Advances in technology have made interactions between previously isolated markets, increasingly prevalent. Even so, much of the research on firm competition in economics has focused on independent markets and how firms compete within these distinct markets. This dissertation extends the literature by studying competition in settings with interrelated markets.
Chapter 1 studies how firm expansion into multiple geographic markets has affected local market competition. As a case study I examine the banking industry, where deregulation in the early 1990s encouraged banks to expand their branch networks into multiple markets. I estimate a model of branch entry that explicitly allows for spillovers across markets, which in banking include demand advantages in attracting more consumer deposits, cost advantages from economies of scale or density, or a diversification of risks. To do this I use a revealed preference approach that also deals with unobserved firm and market heterogeneity. I find that spillover benefits explain 20% of the branches built in the observed equilibrium. The additional observed branches increase consumer surplus, and in most markets lead to a larger share of deposits being collected by banks as opposed to non-bank alternatives. The exception is in the largest markets, where multi-market banks overemphasize competing with additional branches, as opposed to offering better service or higher deposit rates. Because of the lower deposit rates, this leads rich customers, whom are more price sensitive then the average consumer, to switch to outside options such as disintermediation or credit unions. This effect costs banks $115 billion in lost deposits.
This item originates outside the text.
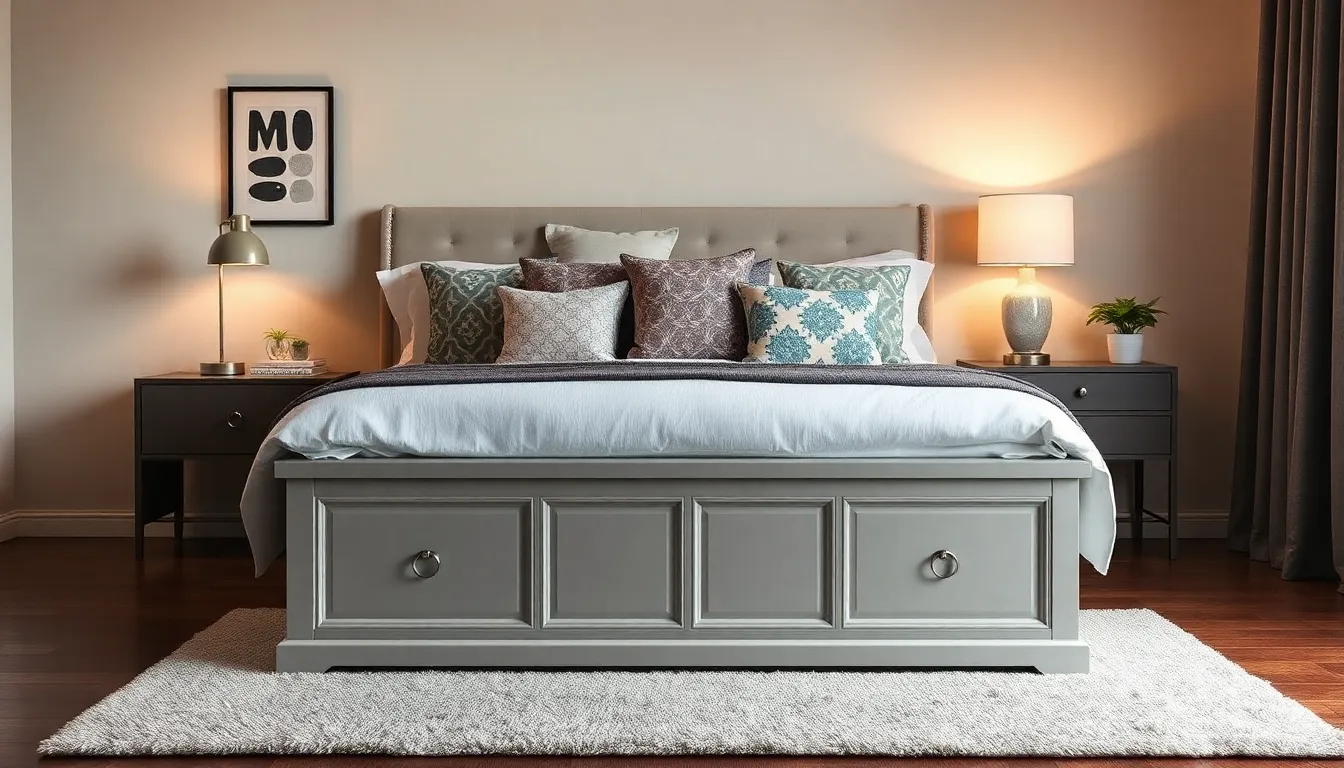 Storage benches optimize space while keeping the bedroom organized. These functional pieces often feature compartments or drawers, providing room for blankets, shoes, or seasonal clothing. Many styles range from sleek modern designs to ornate vintage options, accommodating different tastes. Utilizing a storage bench at the foot of the bed can declutter the room, offering both practicality and style.

In chapter 2, I study auction markets where bidders are competitors in some downstream market. I do this by extending the auction estimation literature to an auction model with externalities. In such a model, in addition to each bidder having a private value for the object, which they receive if they win the auction, some bidders, upon losing, will receive a negative externality that depends on which of their rivals has won the object in their stead. I identify and estimate the externality values by using structural auction estimation techniques to estimate bidder valuations as functions of the negative externalities, and then using variation in the sets of competitors to infer the externality values. I introduce three different estimators for the externalities and provide Monte Carlo results for each.